§ **Saved data entries**

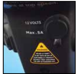
Handy 12 volt socket

Overall Dimension : A x B x C 130 x 69 x 125cm/51 x 27 x 49"
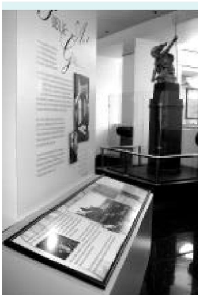
<LEFT The newly redesigned Public Art Gallery in the Portland Building on the 2nd floor.
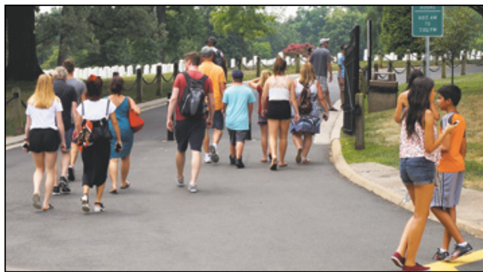
Visitors endure temperatures topping 98 degrees Fahrenheit during a tour of Arlington National Cemetery July 26. Members of the Joint Base Myer-Henderson Hall Fire Department, who are also emergency medical technicians (EMTs), have been proactive in mitigating heat casualty ailments by patrolling ANC more often. "Some days we've been called to Arlington National Cemetery five to six times a day," said Capt. William Long, JBM-HH Fire Department.
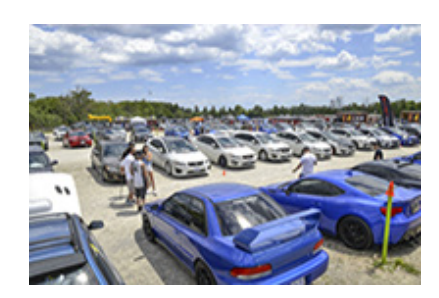
Subaru automobiles of various types and colors came together

In July 2017, Subaru Canada, Inc. welcomed the Toronto Subaru Club and enthusiasts from all over the Greater Toronto Area to our headquarters for the 14<sup>th</sup> Annual HyperMeeting. This year over 1,400 attendees came out to share their pride of Subaru ownership, showcase their vehicles and enjoy a day of family-friendly fun. With a complimentary BBQ and events for children, the event was once again a huge success. As in previous years the proceeds of the event will go to Ronald McDonald House Charities Toronto, and this year Subaru is pleased to announce that the event raised a grand total of $10,000, which includes Subaru Canada's dollar-for-dollar match of funds raised by the Toronto Subaru Club. As one of the largest events of its kind held at a corporate head office in Canada, HyperMeeting gives us a chance to give back to the community as well as a unique opportunity to connect with some of Subaru's most ardent enthusiasts.
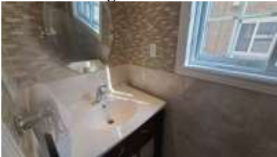
Pic. 22: Powder room
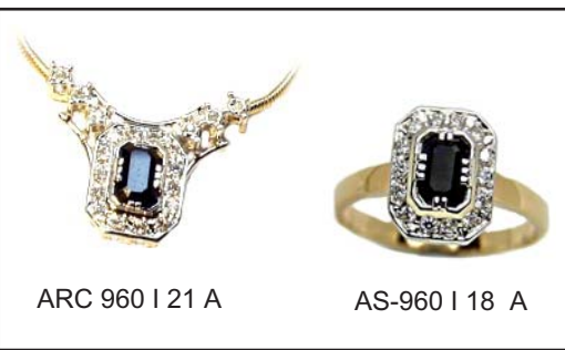
ARC 960 | 21 A
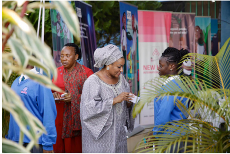
New Hope International School, Kuje, 4th of November, 2019.
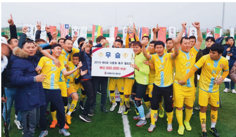
One of the Vietnamese teams won the 6th Multicultural Soccer World Cup, which was organized by the MFSC.

Ansan-si, with approximately 90,000 foreign residents making up 12 percent of the city's total population, is now called a "Global Village." The MFSC has hosted the event since 2014 to promote harmony and social integration between foreigners and Koreans. Through the Multicultural Soccer World Cup, Koreans and foreigners have been able to resolve prejudices against each other, recognize foreigners as valuable members of the multicultural society, and overcome cultural conflicts and differences. In the future, the MFSC will continue to contribute to the community through various cultural and sports events.
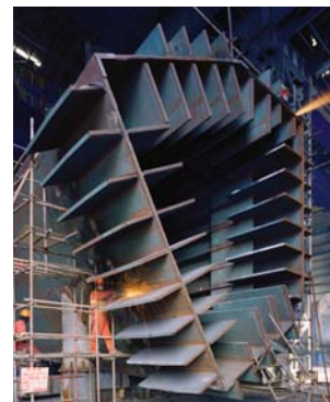
Diaphragm at fuse location

In order to achieve significant material savings (roughly 50%), KCBL used the Permanent Tower as the primary means of lateral load resistance for the T1 Erection Tower against lateral loads induced by lifting operations, wind, and most notably, seismic events. Elastomeric bracing pads were incorporated into the design of each of the 4 main work platforms, which created a direct lateral load path from
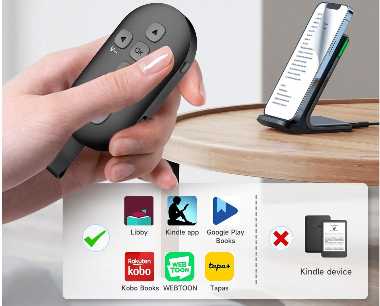
Image: The R1 remote control shown with a list of compatible eBook applications, highlighting its use as a page turner.
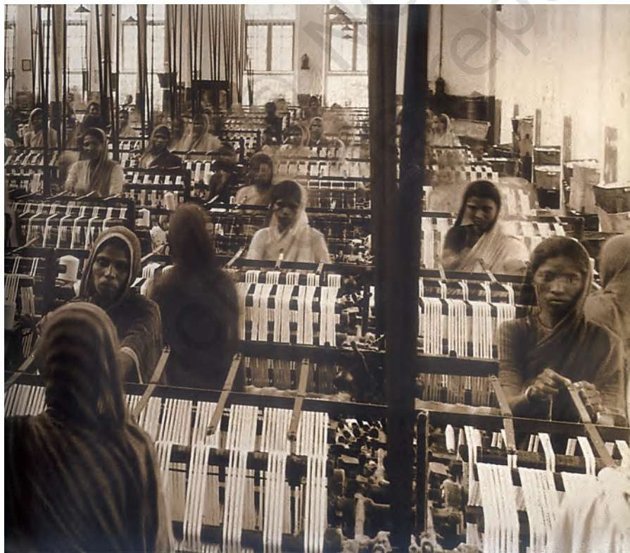
Fig. 10 – Workers in a cotton factory, circa 1900, photograph by Raja Deen Dayal

The first cotton mill in India was set up as a spinning mill in Bombay in 1854. From the early nineteenth century, Bombay had grown as an important port for the export of raw cotton from India to England and China. It was close to the vast black soil tract of western India where cotton was grown. When the cotton textile mills came up they could get supplies of raw material with ease.
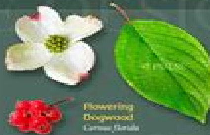
Flowering Dogwood Cornus florida

§ **Task directions**
Would you copy out, exactly and with no pictures, only the lines above from the one that contains "Subaru automobiles of" through the one that contains "One of the Vietnamese"?

§ **Expected answer**
Subaru automobiles of various types and colors came together

In July 2017, Subaru Canada, Inc. welcomed the Toronto Subaru Club and enthusiasts from all over the Greater Toronto Area to our headquarters for the 14<sup>th</sup> Annual HyperMeeting. This year over 1,400 attendees came out to share their pride of Subaru ownership, showcase their vehicles and enjoy a day of family-friendly fun. With a complimentary BBQ and events for children, the event was once again a huge success. As in previous years the proceeds of the event will go to Ronald McDonald House Charities Toronto, and this year Subaru is pleased to announce that the event raised a grand total of $10,000, which includes Subaru Canada's dollar-for-dollar match of funds raised by the Toronto Subaru Club. As one of the largest events of its kind held at a corporate head office in Canada, HyperMeeting gives us a chance to give back to the community as well as a unique opportunity to connect with some of Subaru's most ardent enthusiasts.
Pic. 22: Powder room
ARC 960 | 21 A
New Hope International School, Kuje, 4th of November, 2019.
One of the Vietnamese teams won the 6th Multicultural Soccer World Cup, which was organized by the MFSC.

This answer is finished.